In der Küche war es wieder still. Sie hatten Großmutter Magdalena schon oft über die Verwüstungen, die die Russen angerichtet hatten, erzählen hören, aber sie wurden jedes Mal wieder unangenehm berührt, denn alle wussten, dass die Russen nicht weit weg waren. Und jetzt herrschte in Europa ja wieder Unfriede. Die großen Länder befanden sich miteinander im Krieg. Konnte Schweden sich dieses Mal heraushalten?

Es war warm in der Küche, doch Maria legte trotzdem zwei trockene Scheite Birkenholz auf das verglimmende Feuer, um die Wärme über Nacht zu halten und um Glut für das Feuer am nächsten Morgen zu haben. Die Großmutter hatte sich schon in ihr Bett ganz hinten in der Küche neben der Kammer gelegt, der kleine Bruder Lars war aufgeblieben und hatte zugehört, aber er war dann, den Kopf an die Knie seiner Mutter gelehnt, eingeschlafen. Jetzt weckte sie ihn, er war zu schwer, um in die Kammer getragen zu werden, wo er neben den Eltern schlief.

Lars war sechs und ziemlich klein für sein Alter. Johanna hatte versucht, ihm die Buchstaben beizubringen. Er machte Fortschritte, zeichnete mit Holzkohle und schrieb kurze Wörter auf flache Steine, die er am Strand gesammelt hatte. Einige dieser Steine hatte er auf dem Hof in einer Reihe ausgelegt. Wenn es regnete, wurden die Steine abgewaschen, aber bald hatte Lars neue Wörter darauf geschrieben, die allerdings oft nicht leicht zu deuten waren. Johanna war diejenige, die am besten verstand, was Lars sagen wollte.

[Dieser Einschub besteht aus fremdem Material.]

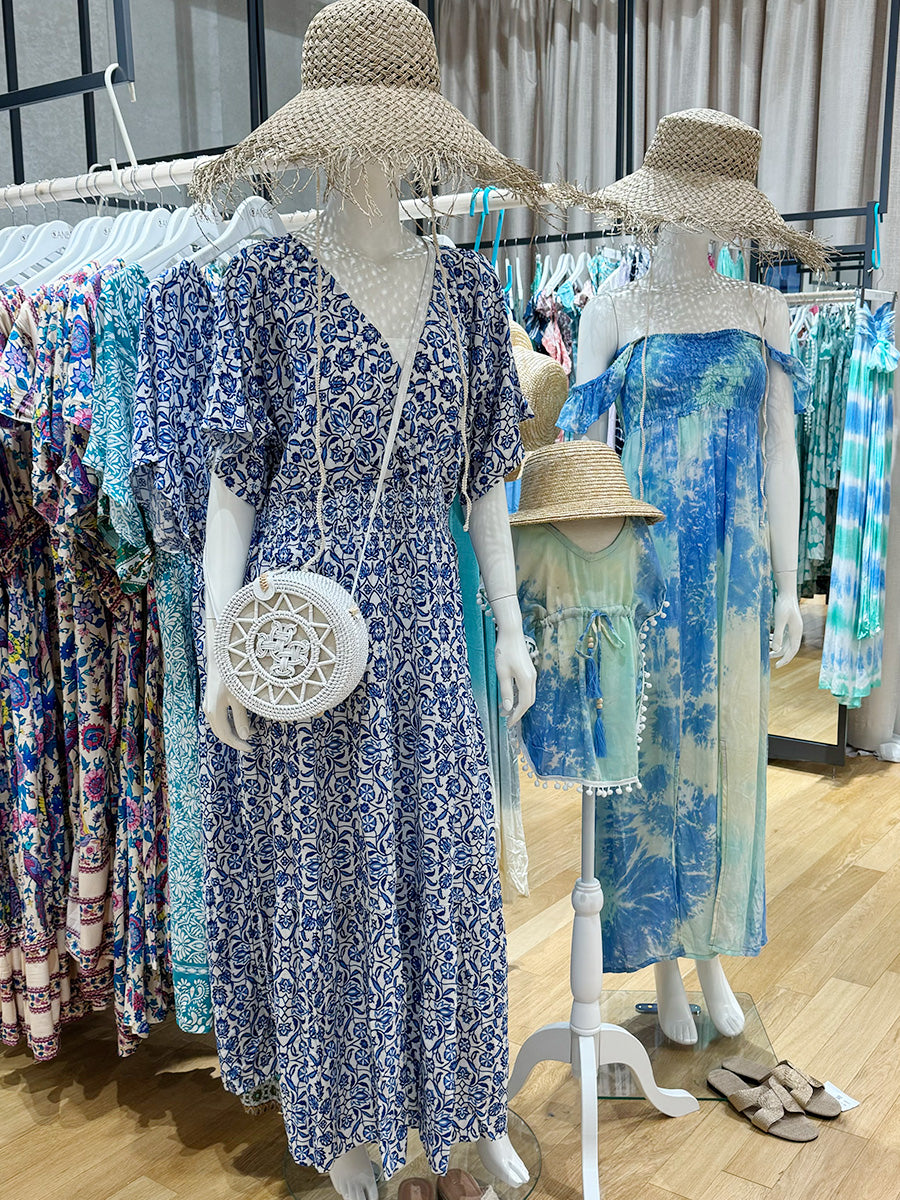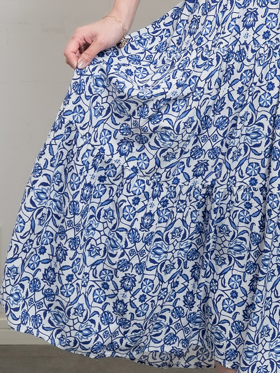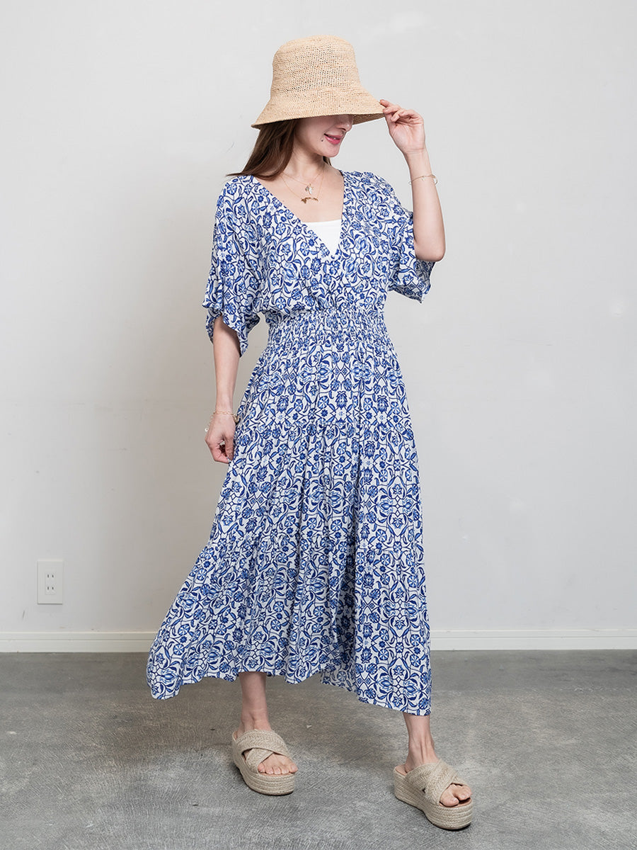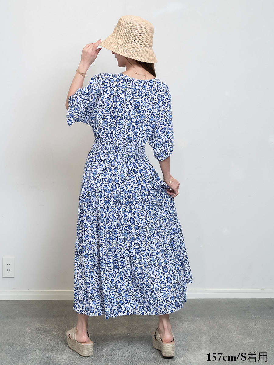 roomy by the sea(ルーミーバイザシー)花柄ブルー半袖フレアワンピース。

Jetzt war Lars aufgestanden, er rieb sich die Augen und stolperte nach draußen, um Wasser zu lassen, ehe er sich hinlegte. Johanna folgte dem Bruder, er stand an der Hauswand, und sie machte einen Bogen um ihn herum, ging weiter in die Büsche, wo sie sich hinhockte.

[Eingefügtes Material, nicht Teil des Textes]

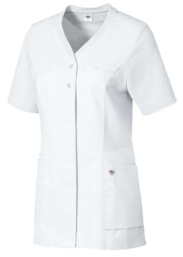 Stock : Livraison 48/72h Livraison sous 15 jours ouvrés selon disponibilités usine Tunique bi-matière coupe femme. Encolure en V. Fermeture par patte à boutons-pression dissimulée, dont 2 boutons-pression visibles. Empiècements en piqué, 2 grandes poches latérales dont 1 avec poche pour bip, passant pour badge. Manches courtes. Longueur : 68 cm.
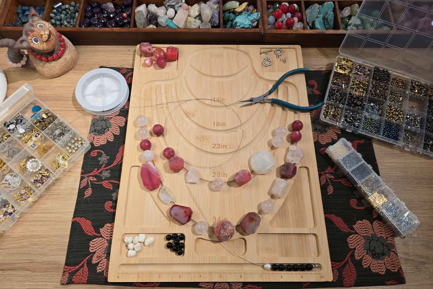 - The workshop lasts 45 minutes, no previous experience needed! Participants can choose to make a necklace, bracelet, or earring-pendant. Participants will select their own combination of stones, crystals, or pearls. Additional details, such as clasps or decorative elements, can be chosen. Jewelry is created on an elastic or special wire string.
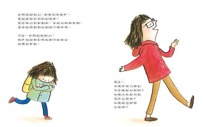 「許多孩子在面對新情境時都會感到不知所措,例如第一次上學。凱特.貝魯比完美捕捉了孩子們內心的感受。她運用墨水、特殊顏料、壓克力顏料和色鉛筆為這本繪本創作了插圖。她的圖像超越了文字,向讀者展現了文字中沒有呈現的內容。《我不敢上學》非常適合在新學期開始的時候閱讀,或者在班級即將迎來新同學的時候閱讀。」by Jane
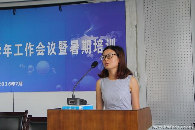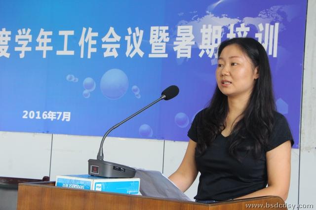 英语老师杨娟做《Just Run——2016-07典范英语外出培训心得》的发言
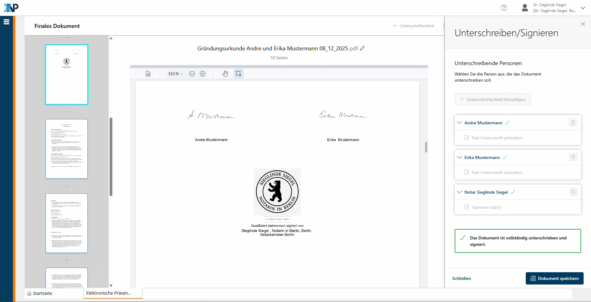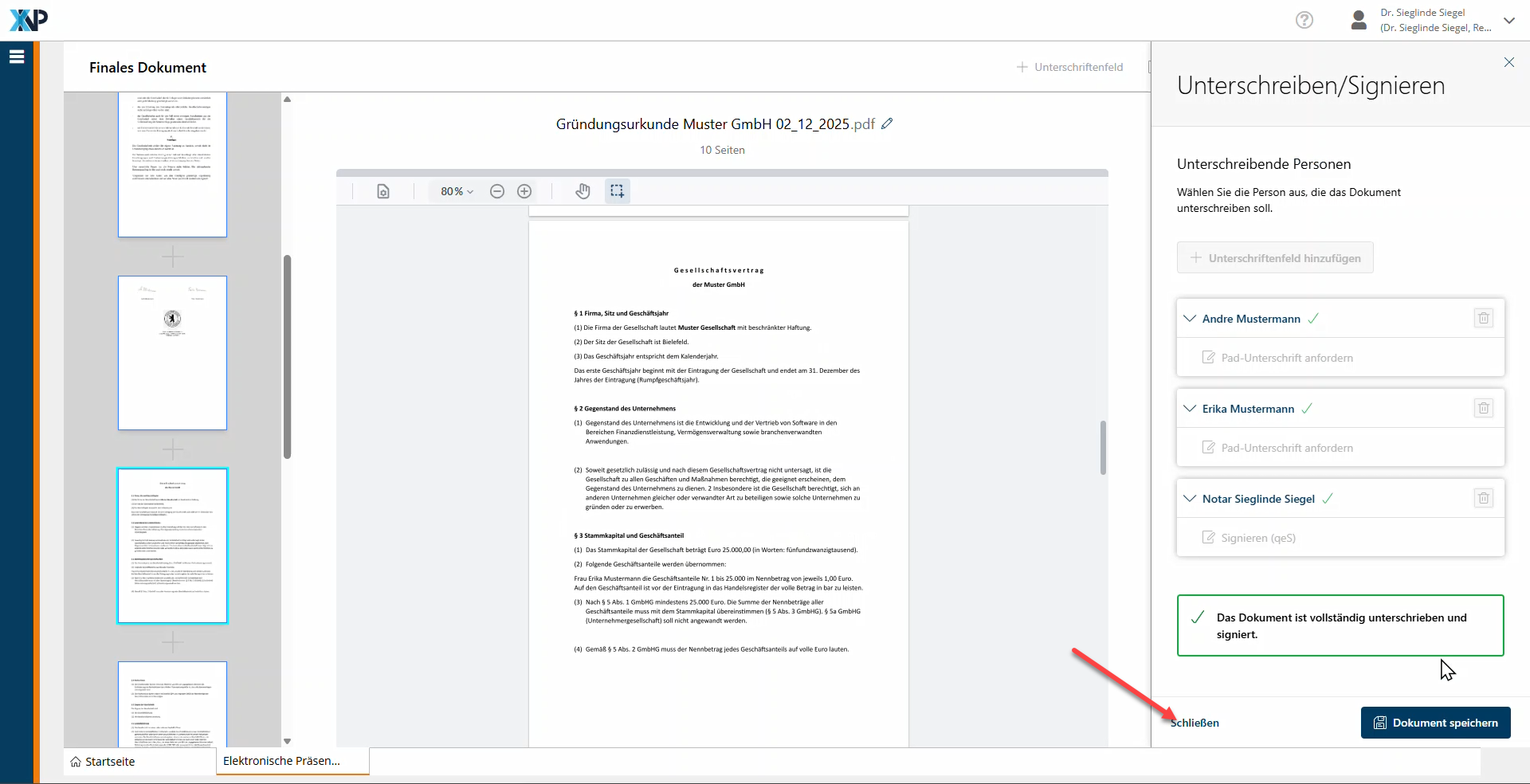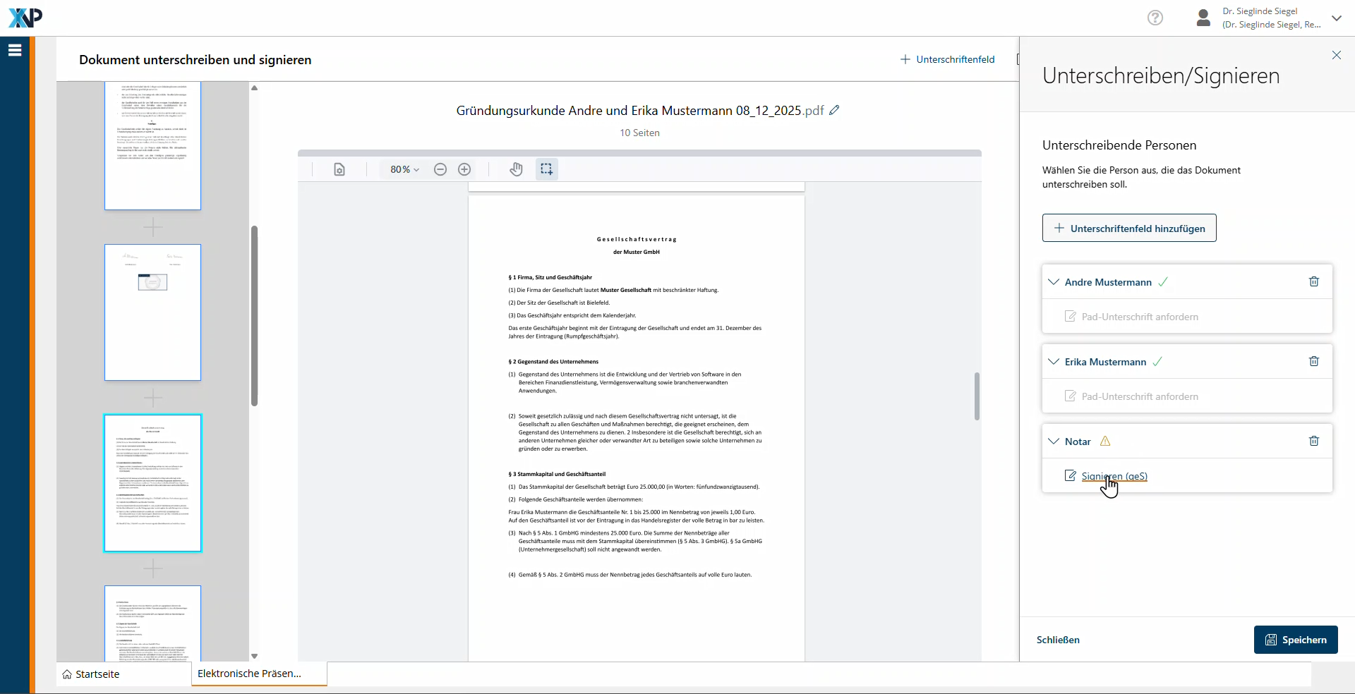Sofern die Beteiligten dies wünschen, kann die Notarin oder der Notar es Ihnen ermöglichen, das Anbringen der Unterschriften im Dokument mitzuverfolgen, indem zu diesem Zeitpunkt erneut der Bildschirm geteilt wird. Die Notarin oder der Notar stellt dafür wieder die Verbindung zum zweiten Bildschirm her und beendet das Teilen des Bildschirms nach der Unterzeichnung durch den letzten Beteiligten.

Lars stand immer noch da, als sie zurückkam. Er ergriff ihre Hand, und sie merkte, dass er hier draußen noch etwas sagen wollte, ehe sie wieder hineingingen.

»Ist es sicher?«, fragte er.

»Ja, es ist ganz sicher«, antwortete Johanna.

»Woher weißt du das?«

»Ich fühle es, und ich vertraue auf Vater, er verlässt uns nicht.«

Lars drückte Johannas Hand. Er glaubte seiner Schwester, sie hatte für gewöhnlich recht, wenn sie sagte, dass sie das richtige Gefühl habe.

Sie würde nie die Unwahrheit sagen.

Wörter über das Meer

Der Morgen war kalt. Johanna erwachte, ehe es richtig hell geworden war, sie stand auf und fachte das Herdfeuer an, begann die Dinge hervorzuholen, die zum Frühstück gehörten, die Schalen für die Milchsuppe, Brot und Salz.

Als sie nach Grisslehamn zum Posthaus aufbrach, wurde es endlich hell. Sie hatte ihre Mutter gefragt, und sie waren sich einig: Es war am besten, wenn Johanna allein ging, sie hatte Birgitta kennengelernt und war gut behandelt worden. Jetzt galt es, mehr in Erfahrung zu bringen.

Im Waschhaus war niemand zu sehen. Johanna klopfte; als sie keine Antwort erhielt, öffnete sie die Tür, aber es war niemand dort.

Dann ging sie zu dem großen Haus hinüber; vielleicht gab es dort einen kleinen Seiteneingang. Sie suchte, fand jedoch keine Tür. Sie kehrte um, zögerte, sollte sie es wagen, am Haupteingang zu klopfen?

Es dauerte nur ein paar Sekunden, bis geöffnet wurde. Birgitta stand da, lächelte und bedeutete Johanna hereinzukommen.

»Komm nur, hab keine Angst«, rief sie, »hier den Weg in die Küche, du bist eingeladen, komm nur.«

Johanna trat ein, Birgitta gab ihr einen leichten Klaps auf die Wange, das war ungewohnt für Johanna, denn zuhause berührte man einander nicht auf diese Art.

Sie gingen durch eine weitere Tür nach links und gelangten in die Küche. Doch dies war eine andere Art von Küche als die, die Johanna von den alten Höfen in Byholma her kannte. Dort aß man in der Küche, kam zusammen, arbeitete und schlief, weil es dort warm war. Diese Küche jedoch diente nur der Zubereitung von Speisen. Das Posthaus verfügte über ein besonderes Speisezimmer, oft übernachteten auch Reisende im Haus. Viele Leute wurden hier verköstigt; dafür sorgten die beiden Hausmägde. Johanna hatte Birgitta ja schon kennen gelernt, jetzt traf sie auch Laura Persdotter, die ältere der beiden Mägde.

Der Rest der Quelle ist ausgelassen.